Romans 8:28 has been my verse. The one I’ve clung to when I let the why?why?why? Creep into my mind.
And we know that in all things God works for the good of those who love him, who have been called according to his purpose. (Romans 8:28 NIV)
Beth Moore said this verse once in a way that stuck with me powerfully and unforgettably. God says all things. Not some things some times. But everysingle thing. It’s something I learned through illness a few years ago and something I find even more important to remember in life After Wilder. Either I trust God’s word or I don’t.
It’s a lesson that’s easier said than done. Yesterday morning when I drug my tired self out of bed an hour and a half before Wilder should have woken for the day (cue laughter as we attempt a ‘regular’ wake time.) I felt certain there was a reason and soon the thoughts of my sister preparing her daughter for her procedure for tubes made my reason for waking crystal clear. God I feel sure wanted to give me that time to pray for Sweet Miss E and peace for momma. (Wilder would be sure he just wanted an early breakfast but what does he know?)
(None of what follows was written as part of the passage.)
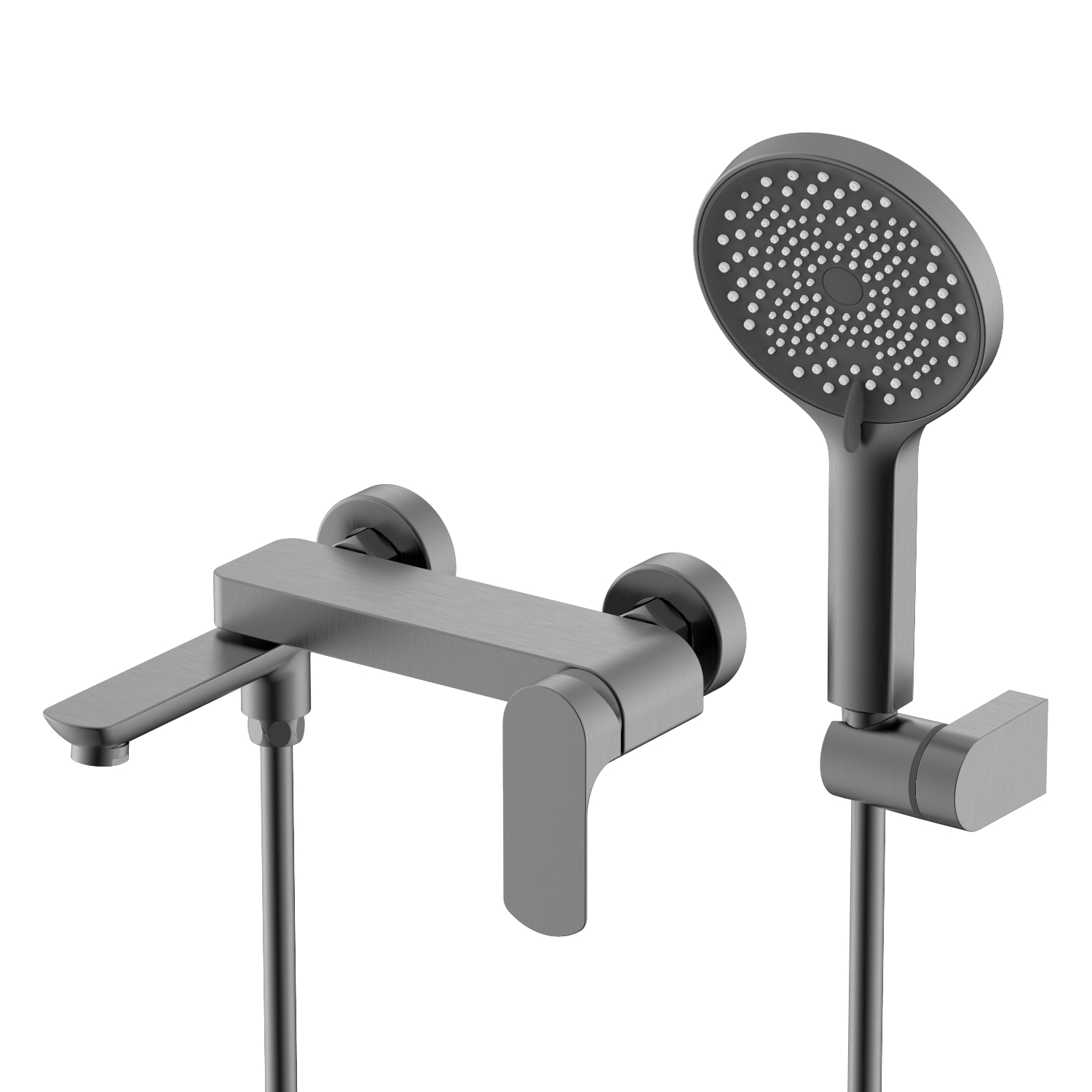 Смеситель для ванны Raglo R03.30.09. Цвет: графит. Материал: латунь. Управление: однорычажное. Механизм: керамический картридж. Излив: поворотный. Аэратор. Форма ручного душа: круглая. Количество режимов струи ручного душа: 3. Отверстия для монтажа: 2. Монтаж: на стену. Керамический картридж 35 мм - R500.35.01. Переключатель с керамическими пластинами (угол поворота – 90°) - R501.527. Аэратор - R540.02.09.   Душевой шланг 1.5м - R402.15.09.

I’ve woken before in the night and couldn’t sleep until God impressed on me someone to pray for specifically and this was one of those times. There are many things and many times I wake now and will never ever know why. I hear it’s called being a mom. And I know it’s building perseverance in a way only those who love (love love love love) sleep can appreciate. And a kind of faith that can only come from leaning on Him all the time and knowing that in all things (yes, even projectile poo and sore nipples and long nights) He is working things together. All of them. All the time.